Bates News, Bates Research | 07-19-19
Is the Increase in Option-Related Cases Affecting Your Firm and Clients?
Bates Group is alerting counsel that we are seeing an uptick in option-related cases where firms offered their clients strategies to increase the yield in their investment portfolio, often involving options trading in order to earn premium income to enhance a portfolio’s regular returns.
Examples of these strategies include covered call writing, zero cost collars and the use of so-called “iron condors” – cashless options trading strategies used to generate premium income in addition to the yield on an investor’s current portfolio, while offering downside protection from potential losses.
Bates Group Support:
Bates staff and experts have provided both consulting and testimony services in matters involving options trading within a client account. Bates experts have opined on the appropriateness of the options trading, as well as the role the option positions play within the client’s overall investment strategy and portfolio of holdings. Bates has performed quantitative analyses examining the likelihood that an option position bought or sold by a client will end in a gain or loss, providing a single figure capturing the probability weighted expected value from the purchase or sale of the option position.
Bates experts have also provided in-depth knowledge and analysis concerning commonly employed options trading strategies and the role of these strategies within an overall investment objective, as well as the relative risks created for the client.

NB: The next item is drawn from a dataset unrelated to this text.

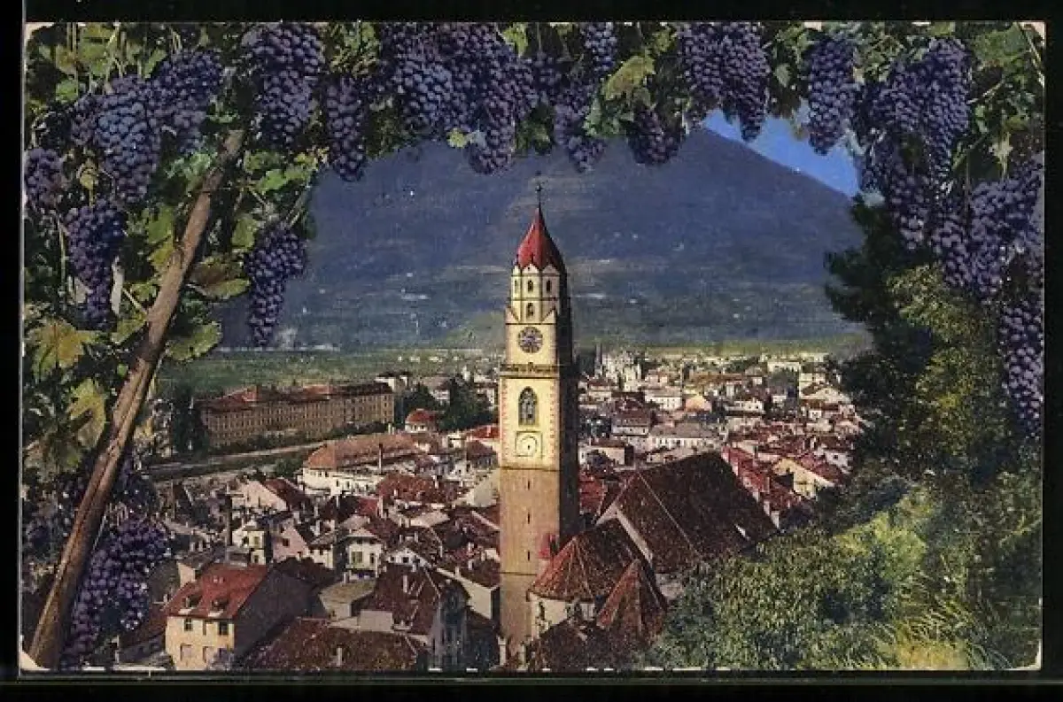 AK Meran, Ortsansicht mit Kirche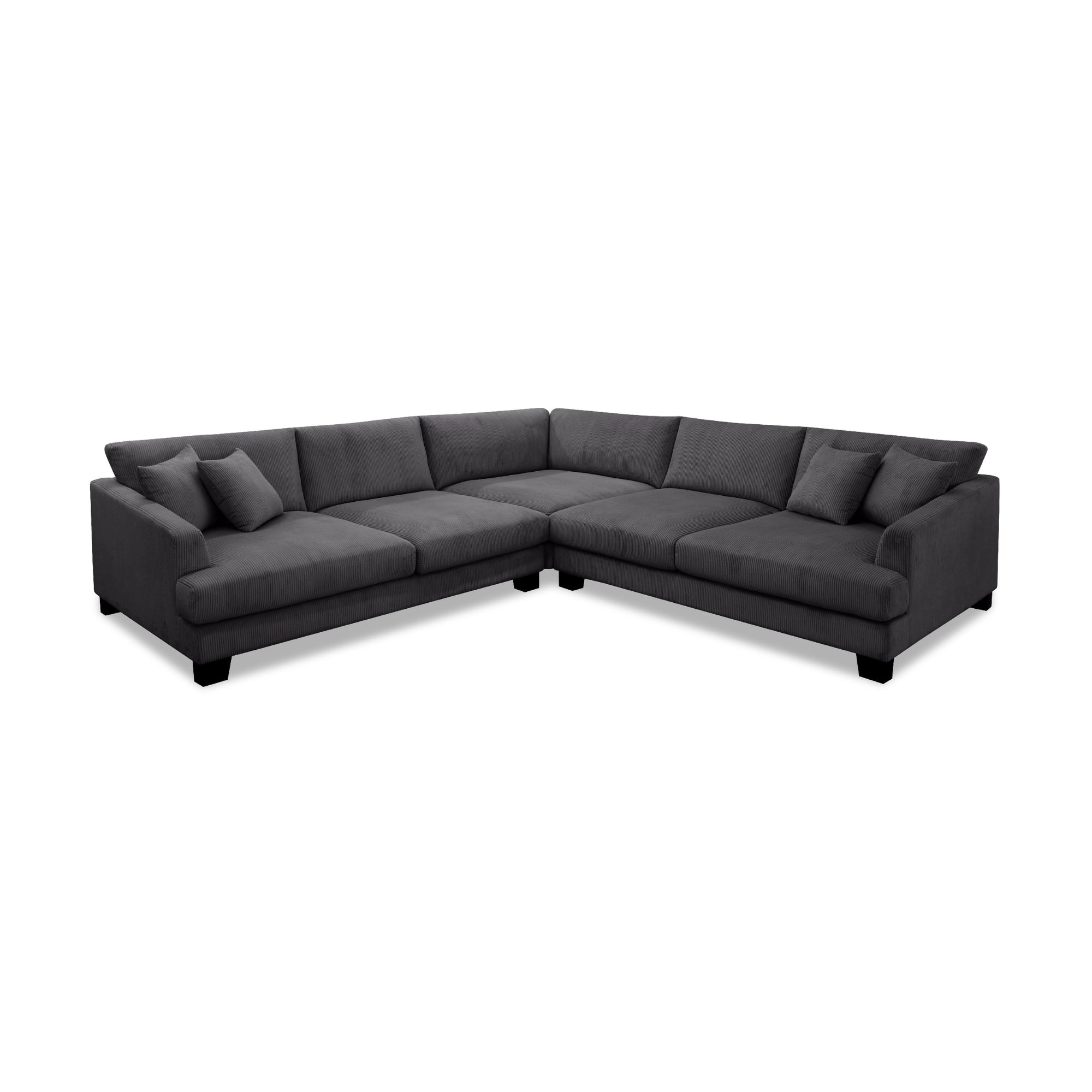Transform your living space into a haven of comfort and modern elegance with this 3Pc Corner Lounge in Charcoal Colour. Designed for both spacious family living and contemporary interiors, this lounge combines generous proportions with understated sophistication. Featuring wide, deep seating and two plush scatter cushions, this modular corner lounge offers exceptional relaxation for gatherings, movie nights, or casual lounging. Upholstered in on-trend charcoal cord fabric, it effortlessly complements any colour palette, adding a soft and cozy texture to your home decor. The modern low-profile silhouette with sleek arms and loose, non-reversible cushions delivers a chic, minimalist appeal. Supported by a sturdy plywood frame, high-density foam, and pocket spring seating, this sofa provides the perfect balance of comfort and durability. Whether you're furnishing a large open-plan living room or creating a cozy family corner, the 3Pc Corner Lounge in charcoal makes a refined and inviting centrepiece.

Bates consultants and experts have also provided analysis and testimony in support of matters involving premium generation strategies employed to generate additional yield on a client’s portfolio, such as those involving iron condors or other means by which the held portfolio serves as collateral for options-related, income-focused trading.
Specifically, Bates can assist in the following ways:
- Analyzing the trading in claimant’s brokerage accounts to determine the P/(L) associated with the strategy, and quantifying out-of-pocket losses.

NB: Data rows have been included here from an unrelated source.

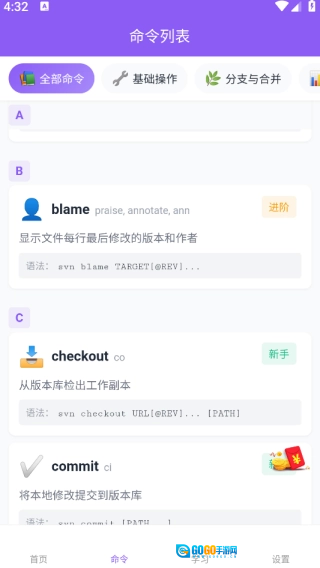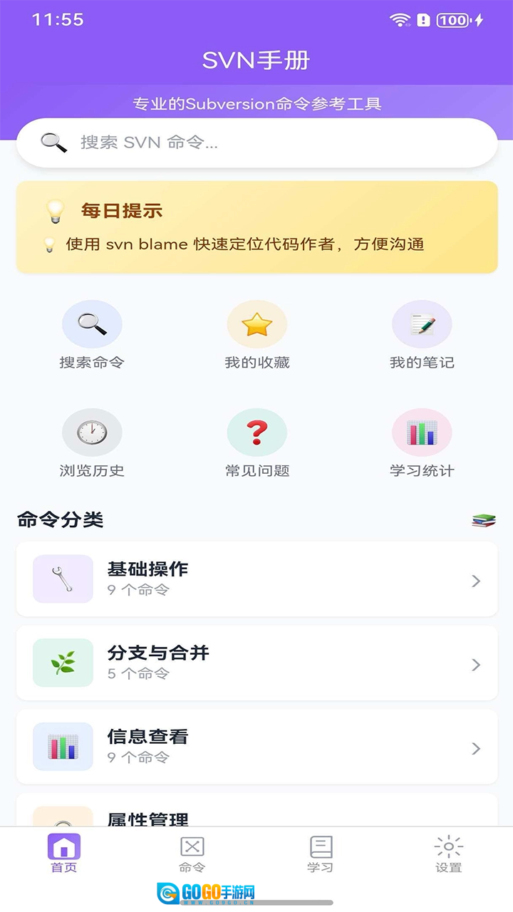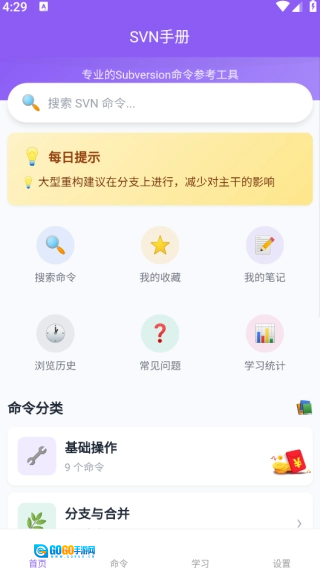 在首页,您能够浏览到SVN手册的所有功能。页面顶部设有一个搜索框,用户输入SVN命令后,就能迅速获取相关搜索结果。搜索框下方则展示着所有的功能板块。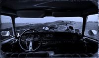 Foto van een Toscaans landschap vanuit de binnenzijde van een Citroën DS 23 Pallas gemaakt. Het dashboard van de klassieker op de voorgrond. Deze foto heeft een blauwe retro look.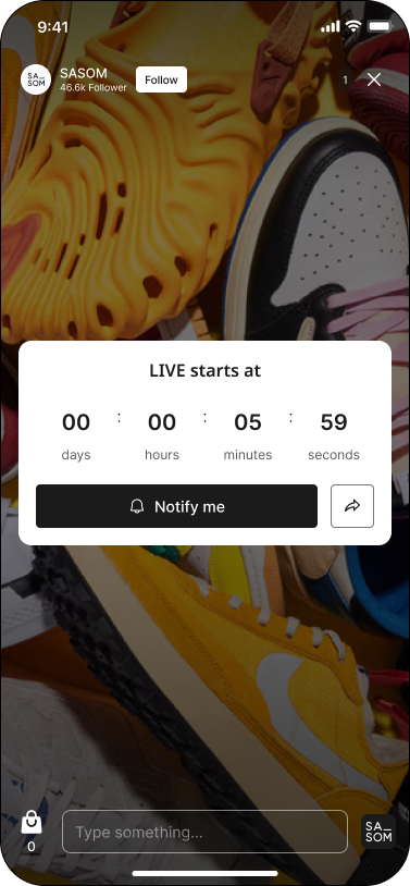 For upcoming LIVE sessions, tap 'Notify me' to receive a notification as soon as the host goes live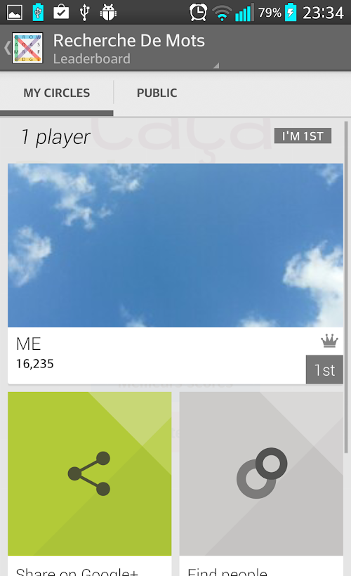 Le score est calculé en fonction de la longueur des mots trouvés et le temps écoulé. Lorsque vous avez trouvé tous les mots dans le puzzle, le score est envoyé au tableau de bord en ligne sur Google+. Vous pouvez voir les meilleurs joueurs quotidienne, hebdomadaire ou pour tous les temps.

- Assessing if the strategy changed over time, where the strategies may have failed, and explaining how any losses occurred. This can include an evaluation of whether the stated strategy was deviated from in a meaningful way, leading to losses.
- Assessing the adequacy of internal and external disclosures.

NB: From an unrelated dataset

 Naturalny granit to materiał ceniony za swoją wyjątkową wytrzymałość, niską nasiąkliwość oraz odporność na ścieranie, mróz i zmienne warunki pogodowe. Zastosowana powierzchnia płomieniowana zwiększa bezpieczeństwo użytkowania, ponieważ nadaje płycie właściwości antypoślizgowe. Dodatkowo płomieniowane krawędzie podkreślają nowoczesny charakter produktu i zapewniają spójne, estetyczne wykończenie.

- Assessing the net premium received versus the level of risk involved in a position.
- Estimating position risk and return; forecasting the probability of a loss and the probable size of a loss at the time positions were written.
- Assessing the suitability of the strategy and the suitability of the size of the strategy mandate.
The Bates team of consulting and testifying experts bring a clear understanding of the theory behind how these strategies work from an academic and industry perspective, from a business side and in-house perspective during the client education phase, and from a sales practice aspect when clients invest using this strategy.